The reply should hold only the lines from the one with "Фигурка IRON MAN" to the one with "Etro has successfully", both ends kept, exactly as they appear below, without any pictures.

*** THE RECORDS ***

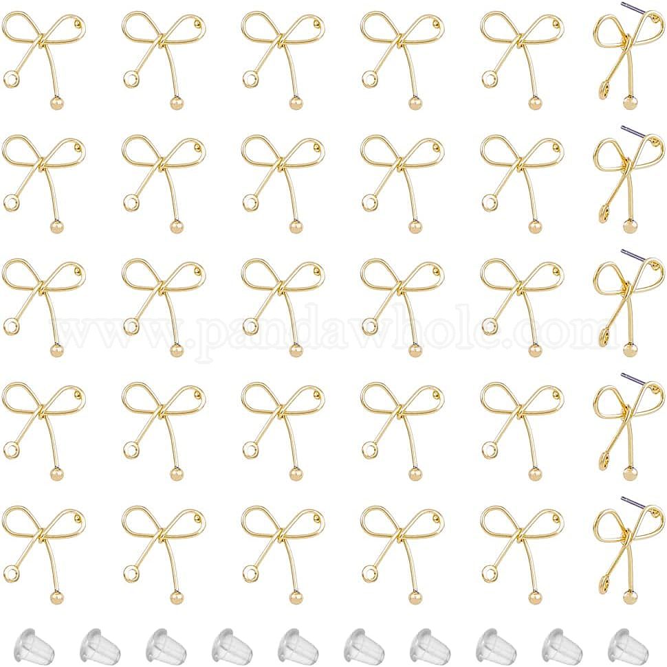 30 шт железные серьги-гвоздики, с горизонтальными петлями и стальным штифтом, бантом, с 50 пластиковыми ушными гайками
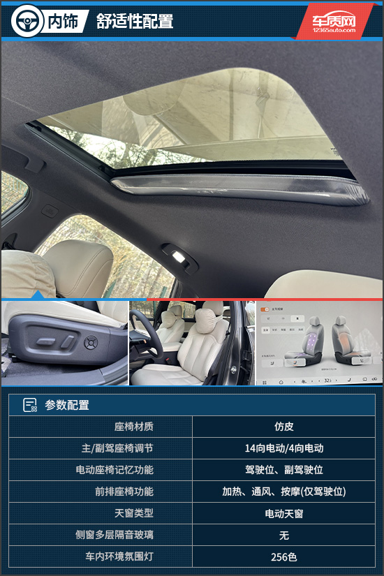 舒适性配置方面,评测车配备电动天窗,虽不及目前流行的全景天幕通透,但仍可满足日常通风与采光需求。座椅部分延续了品牌一贯的舒适取向,AI零压云毯座椅采用Spinal人体工学造型,并结合体感分区舒压缓振结构与自适应体态AI算法,能够在长时间乘坐时有效缓解疲劳,带来更为放松的乘坐体验。配置方面,前排座椅支持加热与通风功能,驾驶位还配备按摩功能,进一步提升了整体舒适性。
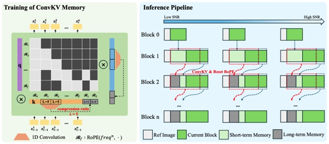 与此同时,ConvKV Memory对历史信息进行了分层处理:短期记忆保留高精度信息,以保证局部细节与连续性;长期记忆则通过轻量卷积进行压缩,把历史信息压缩进固定长度表示。这种“精确+压缩”的组合方式,使模型在维持全局一致性的同时避免显存无限增长。此外,模型还通过RoPE Reset机制对位置编码进行对齐,进一步缓解长序列中的位置漂移问题。
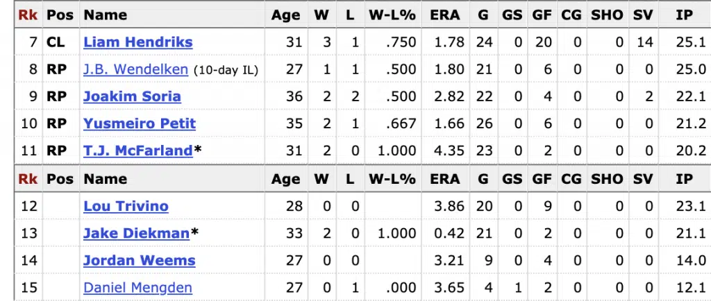 Liam Hendriks is the star here, and rightfully so. The all-star closer boasts one of the best Statcast profiles in the game and an absurd 12.18 K/BB ratio. Dylan Cease‘s, for example, is 1.29. The rest of the bullpen is not far behind. Oakland just activated Wendelken (another former White Sox!), and has significant depth anyway.
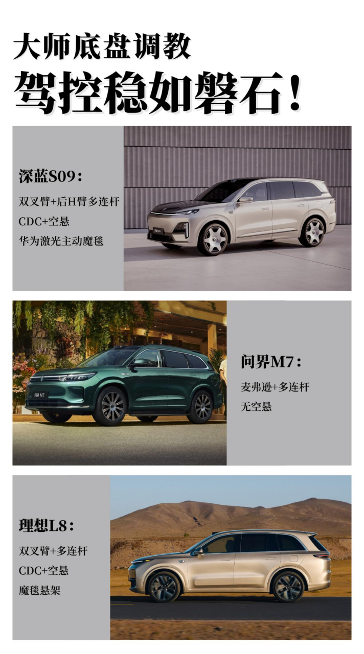 底盘方面,深蓝S09搭载了铝合金双叉臂独立悬挂+后H臂多连杆独立悬挂、空气悬和CDC等高端硬件,更有全场景智慧控制的魔毯悬架,能够有效滤过路面的各项震动,为车内的乘客提供惬意舒心的驾乘体验,比起未搭载空气悬架的问界M7,以及仅配备后多连杆独立悬架的理想L8,在舒适度和操控层面必然要更胜一筹,亦能媲美百万元级别的豪车。
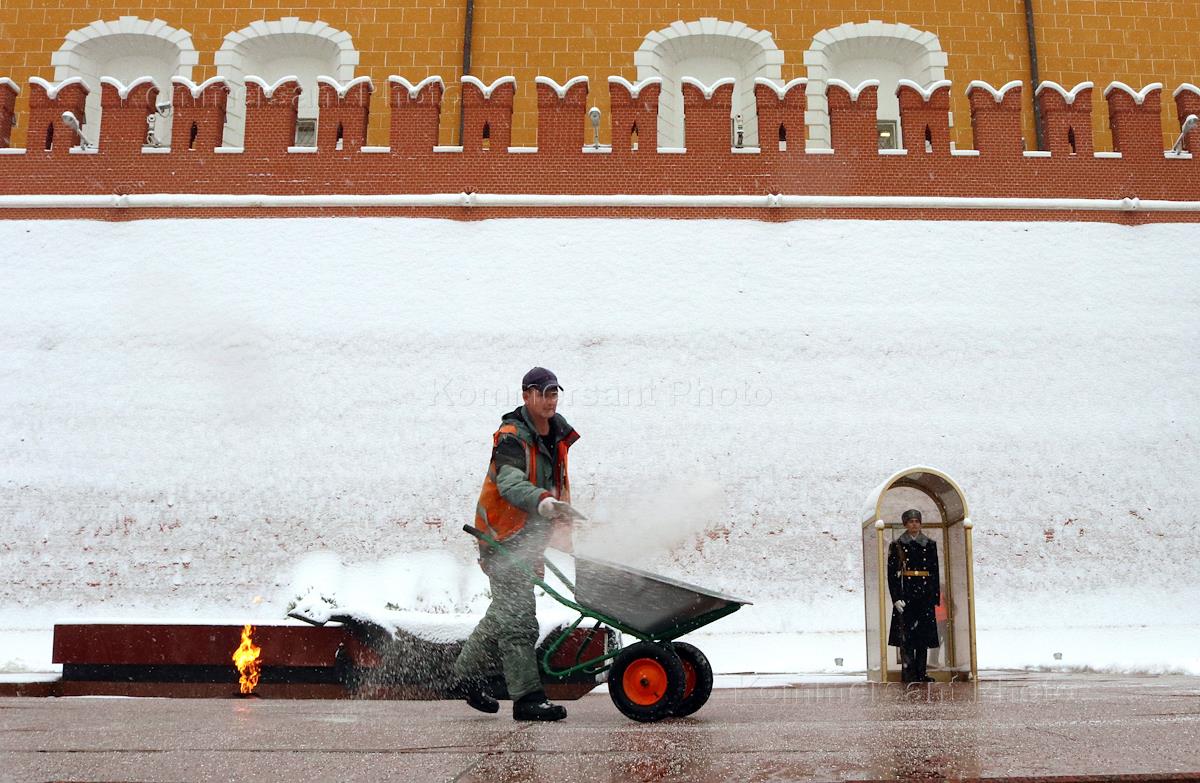 Жанровая фотография. Снегопад в городе. Сотрудники коммунальной службы города во время разбрасывания…
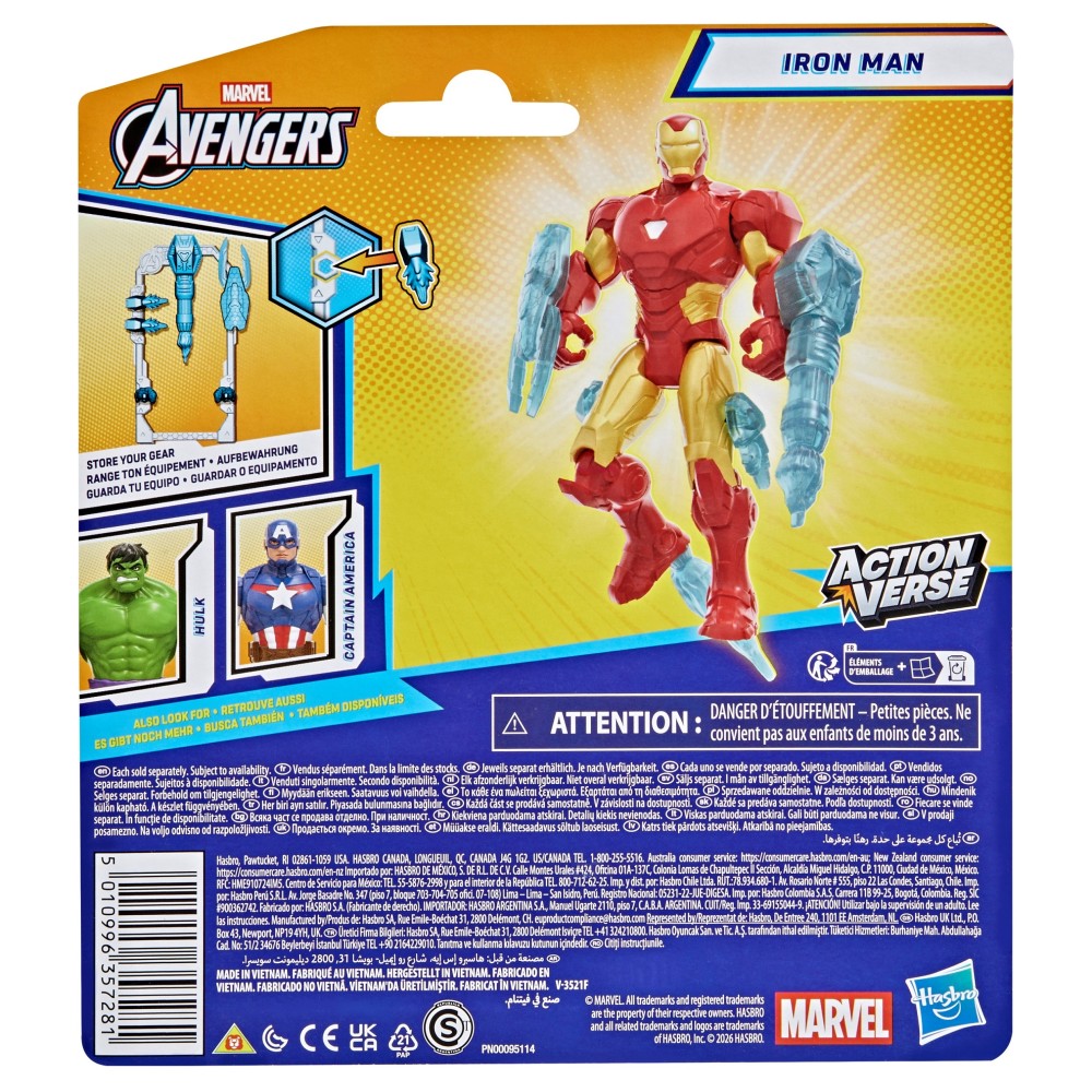 Фигурка IRON MAN изображает гениального изобретателя Тони Старка в его культовой броне в классическом комиксном стиле Marvel. Игрушка имеет девять точек артикуляции, позволяя ребенку расставлять модель в динамичных боевых позах - во время выстрела из репульсора или во время полета. В комплекте пять прикрепляемых полупрозрачных синих аксессуаров, вдохновленных персонажем - включая репульсорное орудие, эффекты допалителей для рук и ног, а также элементы для персонализации - позволяют создавать собственные сценарии приключений Мстителей. Прилагаемая рамка для гаджетов служит практичным держателем для хранения дополнительных аксессуаров, облегчая поддержание порядка после игры. Фигурка совместима с другими продуктами из серии Hasbro ActionVerse - аксессуары и элементы можно соединять с другими фигурками Marvel Avengers ActionVerse (продается отдельно).
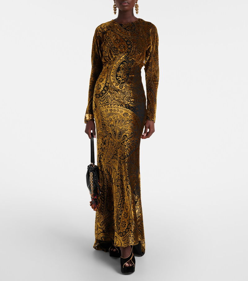 Etro has successfully kept the fashion world captivated with its free-spirited attitude. These velvet platform sandals are made to an asymmetrical design set atop block heels with ankle straps for stability.
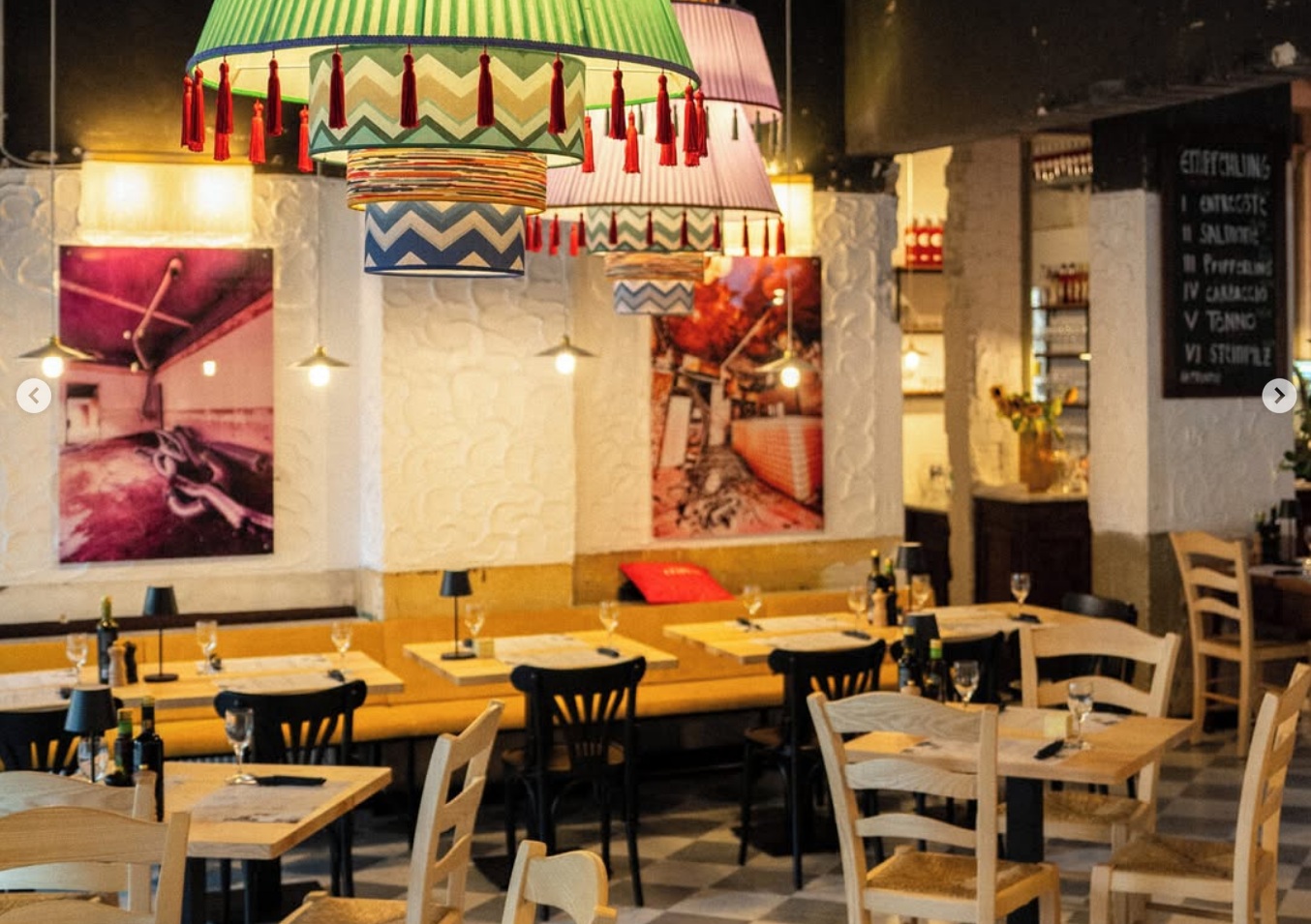 Das riesige Ladenlokal wurde mit ganz viel Liebe zum Detail renoviert und vereint industrial Elemente (frei verlegte Rohre etc) mit gemütlichem Vintage -Charme. Das Holz der Theke beispielsweise stammt aus der Nähe Venedigs und ist über 100 Jahre alt, am Boden sorgt mallorquinische Marmor für viel Atmosphäre. Drinnen finden 150 Gäste Platz, draußen am Rosenplatz vor den bodentiefen, aufschiebbaren Fenstern weitere 40 - ab Frühjahr 26 kommen im Hinterhof nochmal 90 Plätze dazu!
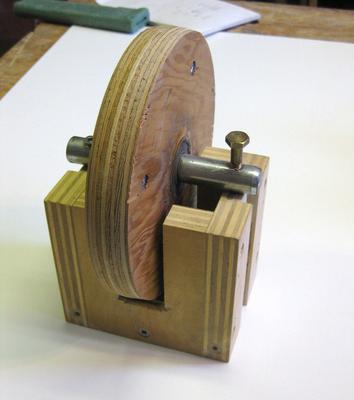 The bottom shaft is from a scrapped electric motor, perfect for this job because it has machined fits for two standard bearings, a spline in the center to press into the plywood wheel and a machined end to receive the drive pulley. The springs you see used to be elastic bands hooked over dowels glued in where the screws now are.
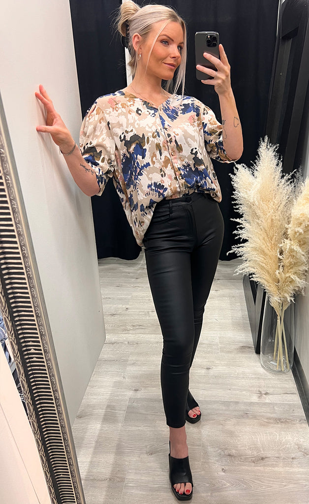 Blússan er hneppt niður og með rykktu detail á öxlum.
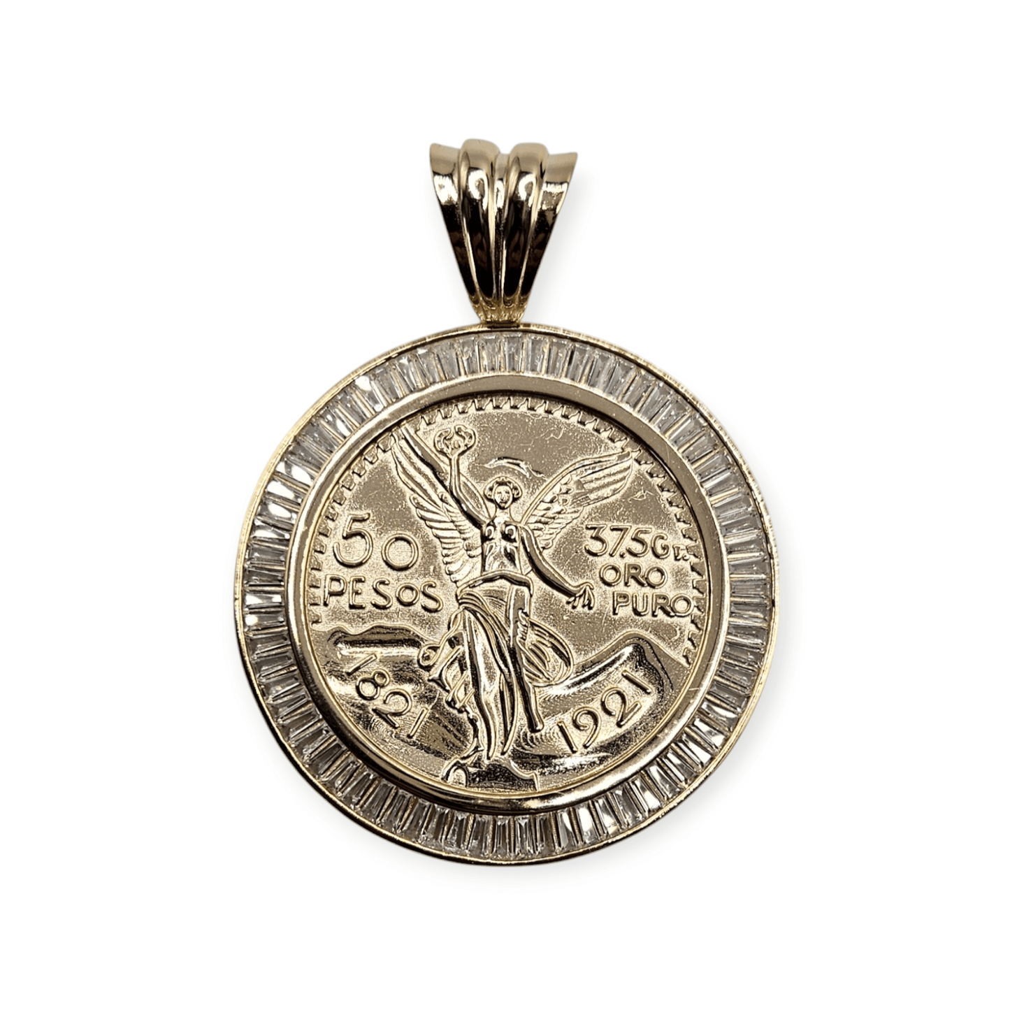 This stylish pendant features a Centenario 50 Pesos coin with 14K gold over silver 925, accented with stunning white cubic zirconia stones. Elevate your style with this unique and elegant piece, perfect for any occasion. Add a touch of luxury to your look with this Mexican 50 pesos pendant.

*** End of THE RECORDS ***

• **WORKED SOLUTION**
 Фигурка IRON MAN изображает гениального изобретателя Тони Старка в его культовой броне в классическом комиксном стиле Marvel. Игрушка имеет девять точек артикуляции, позволяя ребенку расставлять модель в динамичных боевых позах - во время выстрела из репульсора или во время полета. В комплекте пять прикрепляемых полупрозрачных синих аксессуаров, вдохновленных персонажем - включая репульсорное орудие, эффекты допалителей для рук и ног, а также элементы для персонализации - позволяют создавать собственные сценарии приключений Мстителей. Прилагаемая рамка для гаджетов служит практичным держателем для хранения дополнительных аксессуаров, облегчая поддержание порядка после игры. Фигурка совместима с другими продуктами из серии Hasbro ActionVerse - аксессуары и элементы можно соединять с другими фигурками Marvel Avengers ActionVerse (продается отдельно).
 Etro has successfully kept the fashion world captivated with its free-spirited attitude. These velvet platform sandals are made to an asymmetrical design set atop block heels with ankle straps for stability.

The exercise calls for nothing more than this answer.